Discussing usage, Neron says it fielded some 50,000 unique searches last month. With spam and adverts to be kept out of results in the short term, he’s hoping it can keep pushing that figure up to reach a point where it can start to generate useful crowd-powered results, and give its users some genuinely relevant social search results (rather than just a few Google+ pages, a la Google).

Neron notes that Google’s marketshare of the search engine space has been flat for a few years. And then of course there’s PRISM- and privacy-gate to perhaps make people think about alternatives. Not that Verbase is billing itself as a privacy-focused search engine, like DuckDuckGo. Rather it’s playing the anti-spam, anti-advertising card for now, while it waits to see if it can accrue enough users to build its Mechanical Turk, crowd-powered engines.

Verbase’s business model will require ads to be incorporated into results in future — Neron is up front about that. But, in the meantime, its users get to enjoy an ad-free search life. And when adverts do come to Verbase they will be kept entirely separate from search results, says Neron, likely sectioned off to the right-hand side in a separate pane, rather than being allowed to contaminate the main feed.

Answering the charge that it’s a hopeless task to wade into a pool that already contains such a vast, well-resourced competitor, Neron is upbeat. “A search engine is a very viable effort if it’s made in the right way because this market is so big,” he says, adding: “It’s a huge market opportunity. All of the major competition are putting ads at the top of results.”

Albeit, he needs to be upbeat, having put in around $120,000 of his own money to fund Verbase since development work started, back in 2011. If the fledgling search startup can keep attracting users, he says it will likely look to raise external funding next year.

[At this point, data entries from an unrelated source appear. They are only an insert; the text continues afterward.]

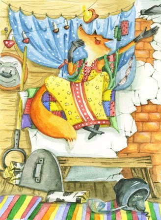 Прожила лиса без бед, Не один десяток лет, Никогда не дула в ус, Ощущала жизни вкус. Тут явилась старость к ней, Хоть рекою слёзы лей, Силы в лапах никакой, Ей не в радость свет дневной. Рассуждать лиса взялась: - В лужу мне нельзя упасть! У медведя есть изба, В ней пожить моя судьба! Слов лисичке не толочь, Мысль легко с собой волочь, Заявилась к Мишке в дом, Бьёт лиса пред ним челом: - Милый Мишенька, мой свет, Жизнь моя теряет цвет. Стала старой я совсем, Много сплю и мало ем. Дай в избе ты мне пожить, Мне себя не прокормить! Пожалел её медведь: - Мне грешно тут не хотеть. Время то не за горой, Старость та придёт за мной. Полезай, лиса, на печь, Силы сможешь там беречь, А с едой проблем не знать, Будешь жить, не горевать! Радость ей не скрыть ничуть, Ей спины теперь не гнуть, И лиса пошла в обход, Там, в сенях, уж лапы трёт. Взгляд лисы огнём горит, Мёд она в кадушке зрит: "Ах ты, Миша-Михаил, Жизнь мою ты подсластил! Силы я в себе найду, Ночью в сени я приду"! Вот на двор ступила ночь, А лисе уже невмочь, Стук да стук она хвостом, Глазки кажет с огоньком. Мишка задал ей вопрос, Взглядом он к лисе прирос: - Что ты, лисонька, не спишь, Целый час хвостом стучишь?! Да лисе не тратить слов, У неё ответ готов: - Там, в сенях, мышей полно, Выгнать их пора давно! Всё пищат они, пищат, Сон мой чуткий теребят! Отвечает Мишка ей: - Так гони их из сеней! И лиса с печурки, прыг, В сени ходом, напрямик, Мёда в бочке в самый край, Только лапой управляй! Съела лисонька вершок, Вновь на печке греет бок. Мишка глазки приоткрыл, Словом Мишка не грешил: - Мыши вроде б не пищат, Будешь спать, лиса, в услад! В небесах лиса кружит, Языком едва шуршит: - Прогнала мышей я всех, Им теперь не до потех. Спи, Мишутка, без тревог, Для мышей есть в поле стог!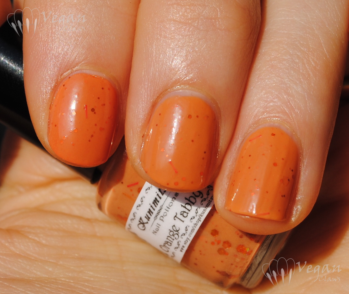 This is Orange Tabby, a light orange creme with small orange bar glitter and several sizes of orange hex glitter.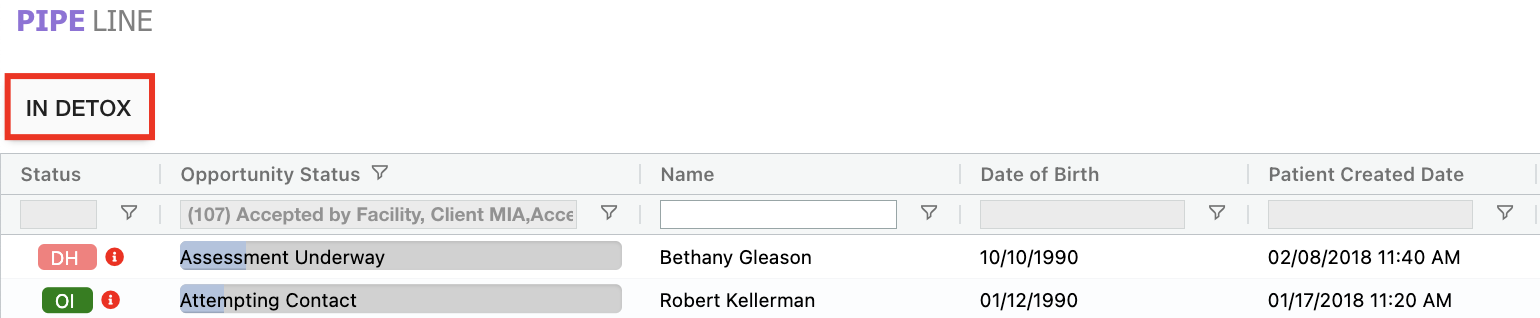 - If you select a pipeline flow the pipeline grid will display all the corresponding treatment opportunities.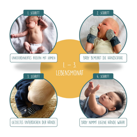 1. Körperwahrnehmung: Da Babys in den ersten Lebenswochen Farben noch nicht so gut sehen können, begeistern vor allem deutliche schwarz-weiß Kontraste dein Schatz von Geburt an. Dazu muss dein Baby erst noch den eigenen Körper kennenlernen und wahrnehmen lernen. Beginnen wird dieser Prozess mit dem Kennenlernen der eigenen Hände. Durch die Handschuhe mit Kontrastmuster lenken wir gezielt die Aufmerksamkeit deines Babys auf die eigenen Hände und unterstützen so bei der Körperwahrnehmung.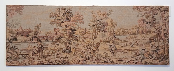 Bela e antiga tapeçaria, executada em gobelin, retratando cenas campestres. Mede 179 x 66 cm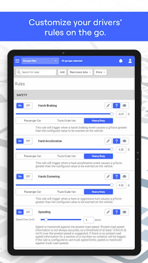 Tracking your vehicle not only reduces the risk, but also improve your capability to report on safety items such as risk and safety reports, driver behaviors, complete vehicle history log, audible warnings, instant accident notifications, alert button and training.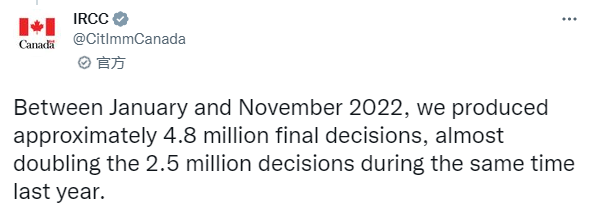 加拿大移民部部長也強調了今年移民局在申請處理方面取得了破紀錄的進展。自8月以來,移民部已減少了近50萬份申請。截至11月底,移民部處理了大約480萬份申請,幾乎是去年同期處理申請數量的兩倍。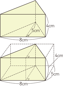 この後,一般の角柱についても三角柱に分けて考えることができることから,どんな角柱でも,底面積×高さで求められることへと導いていくとよいでしょう。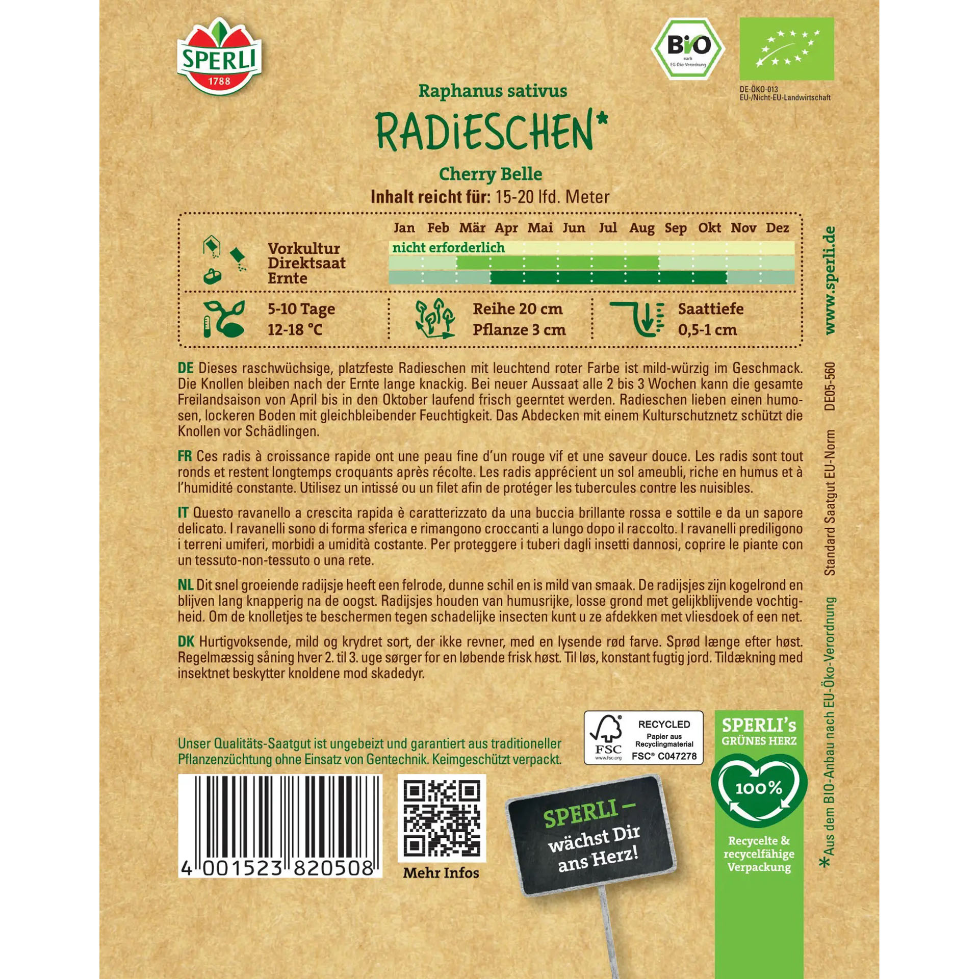 Die BIO Radieschen 'Cherry Belle' sind eine schnellwachsende Sorte. Die kugelrunden, knackigen Knollen haben eine leuchtend rote Farbe und einen angenehmen, mild-würzigen Geschmack. Bei einer Aussaat alle 2-3 Wochen können Sie bis Oktober frisch ernten.
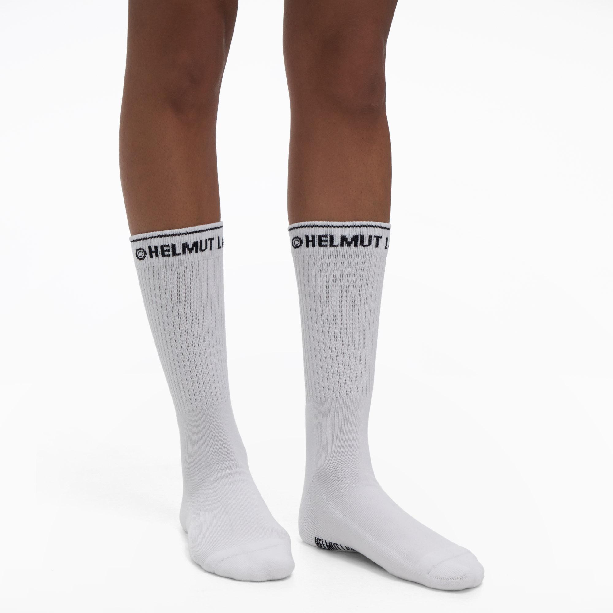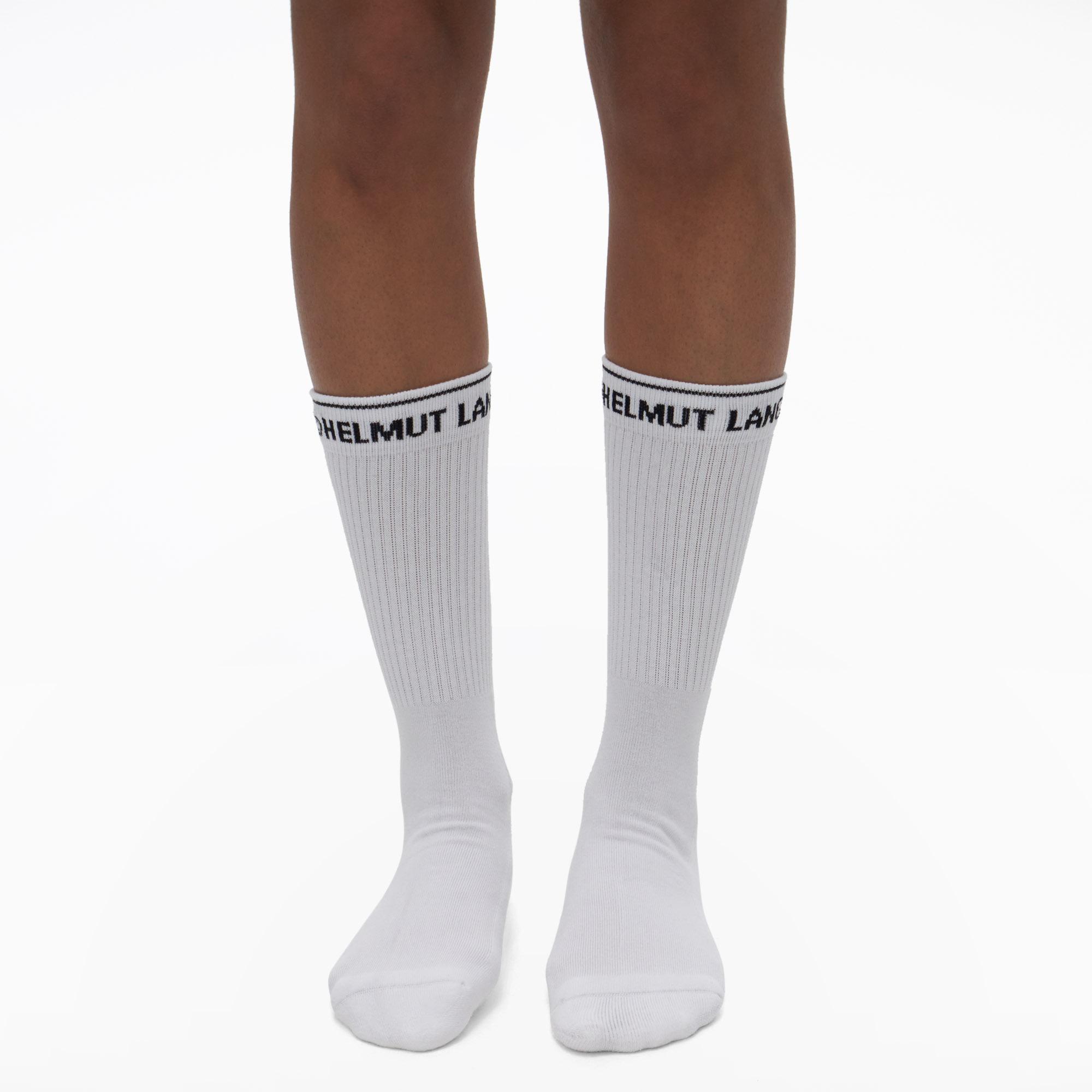 The Helmut Lang School Socks Are Cotton Crew Socks With A Graphic Text Detail.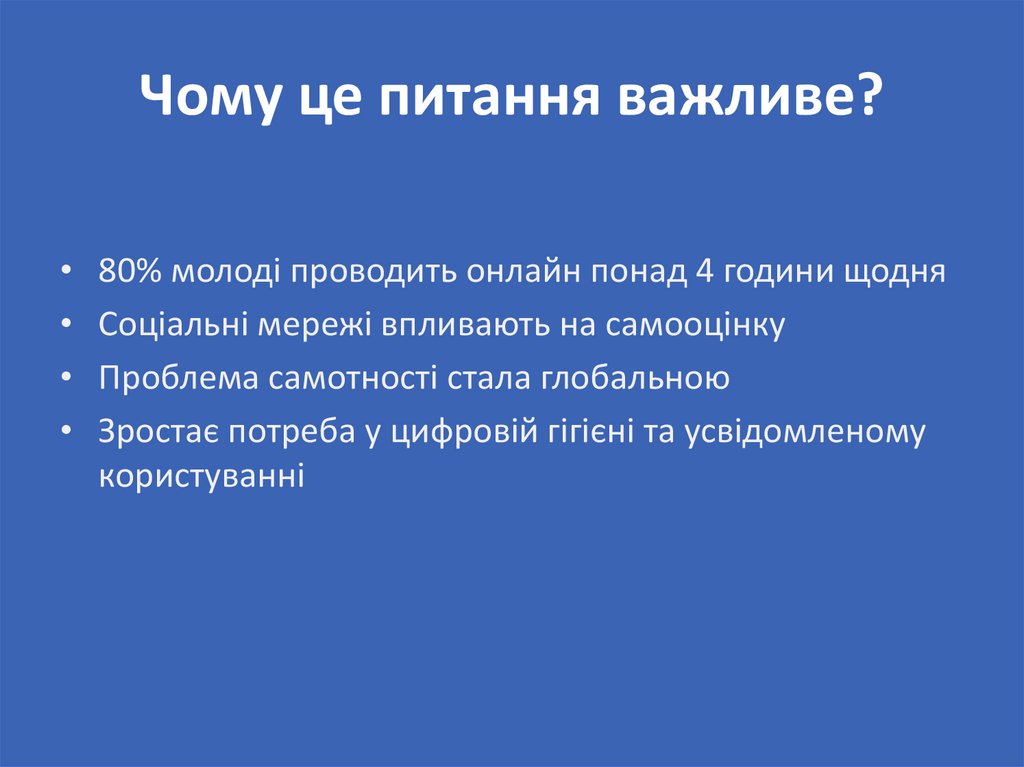 Чому це питання важливе?• 80% молоді проводить онлайн понад 4 години щодня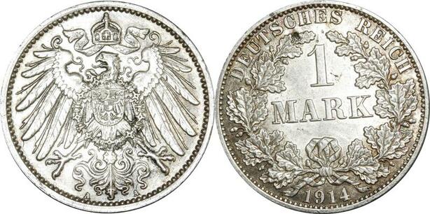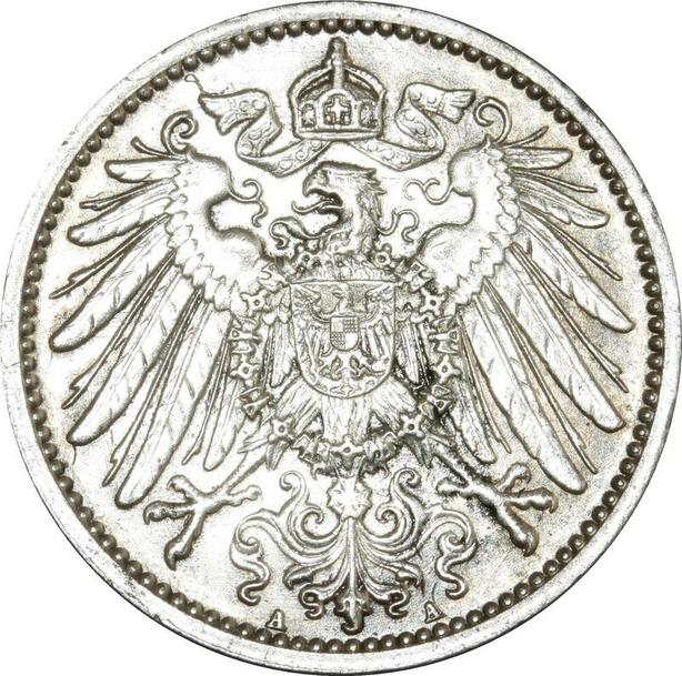O380 Germany 1 Mark Wilhelm II 1914 A Berlin Argent Silver AU

To hammer home Neron’s point about ‘spam free’, here’s the results Verbase returned when I searched for the following query: ‘what is Bitcoin’:

Verbase

And here are the results I could see on my laptop screen (i.e. as above, without scrolling down to see more results) when performing the same search query on Google:

Google Bitcoin search results

Google spammy? Absolutely.

The question is whether enough people notice such a strong smell of spam issuing from Mountain View that they go seeking alternative search tools. Verbase will certainly be hoping that a disgruntled nine percent end up knocking on its door.